I didn't do this alone. I've started products before and dropped them halfway, those repos are still sitting in my GitHub collecting dust. This time I built it with my friend Majid, which made the whole process way more fun.

So what does it do? Feedbackworthy lets users collect reviews and manage them straight from the dashboard. Clients sign up, share a form link with their customers, and start collecting reviews. We give you custom components you can copy-paste into your site, and with shadow mode they blend in without breaking your theme. For now we're only shipping the bare minimum components.

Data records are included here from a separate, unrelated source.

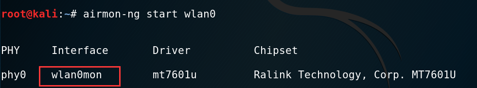 然后我们启动网卡监听模式 airmon-ng start wlan0 。执行完命令后我们看到我们网卡的名字由“wlan0”变成了“wlan0mon”,他表示我们的网卡已经成功处于监听模式。(注意:网卡名称偶尔也不会变)
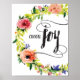 Typography design with beautiful elegant calligraphy with words, "Choose Joy." Typography is framed by cheerful watercolor floral wreath in background (forming a half circle on left of design).
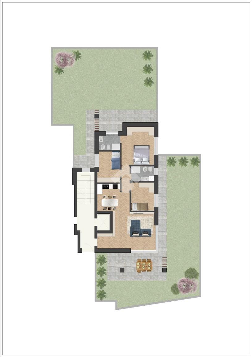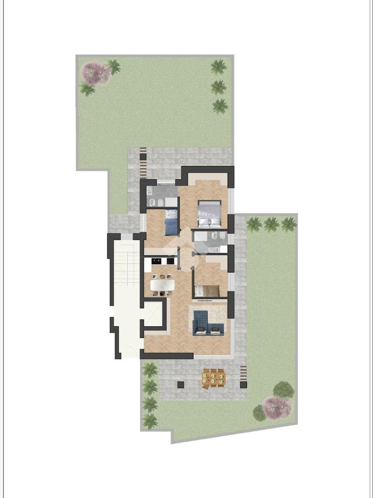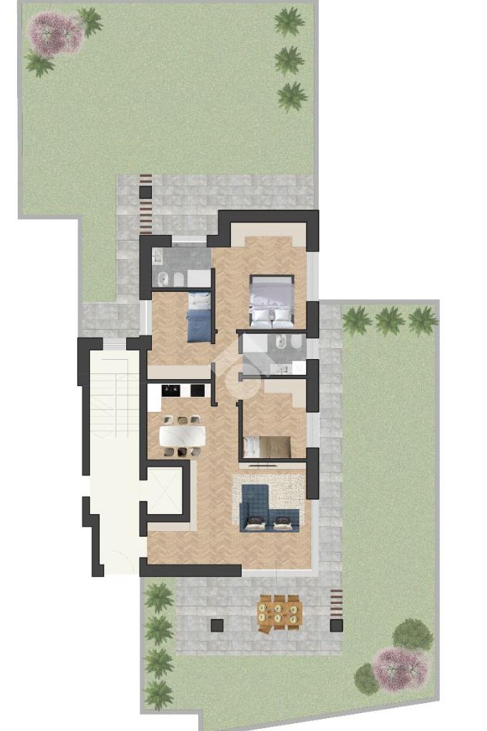 Tutti gli appartamenti sono dotati di ampi spazi esterni vivibili, con terrazze o giardini privati che regalano una suggestiva vista sui vigneti della Franciacorta, per vivere ogni giorno un'esperienza di tranquillità e bellezza.

The hard part was payment integration. This is the side of MVP software engineering nobody really warns you about. It's one thing to say you know how to work with APIs. It's a whole different level when actual money is on the line. If it breaks, you lose revenue. And if the customer isn't kind enough to report it and you don't have logging in place, just forget about figuring it out anytime soon. I'll write about payment integration in another post. This one's about Feedbackworthy.

We took our time with this one. Early on I was building in public, but the pressure of freelancing while building the whole MVP website overwhelmed me and I had to stop. We were still making progress every day, I just stopped posting so I could catch a break.

Currently we have added the following features:

  • Users can collect and manage feedbacks using workspaces and forms.
  • You can create a component for them, and simply embed them in your website. No coding is needed.
  • The free version includes our branding, but the paid one doesn't and we actually tried to price it so that it makes sense to an individual to purchase it and use it. There will be more plans and features in the future as well.

Now that it's ready, I'm determined to market it and try to make some revenue. I've never worked in sales before, so we'll see how this goes. Inshallah I'll figure it out along the way. The goal now is simple: market it, improve it, keep selling.

I'm also going to work on onboarding for the app. I'm pretty sure that'll help convert the traffic landing on my site.

Finishing this MVP and polishing it felt like a win on its own, which is why I wanted to write about it. If we break the market and crack some crazy numbers, I'll write another one.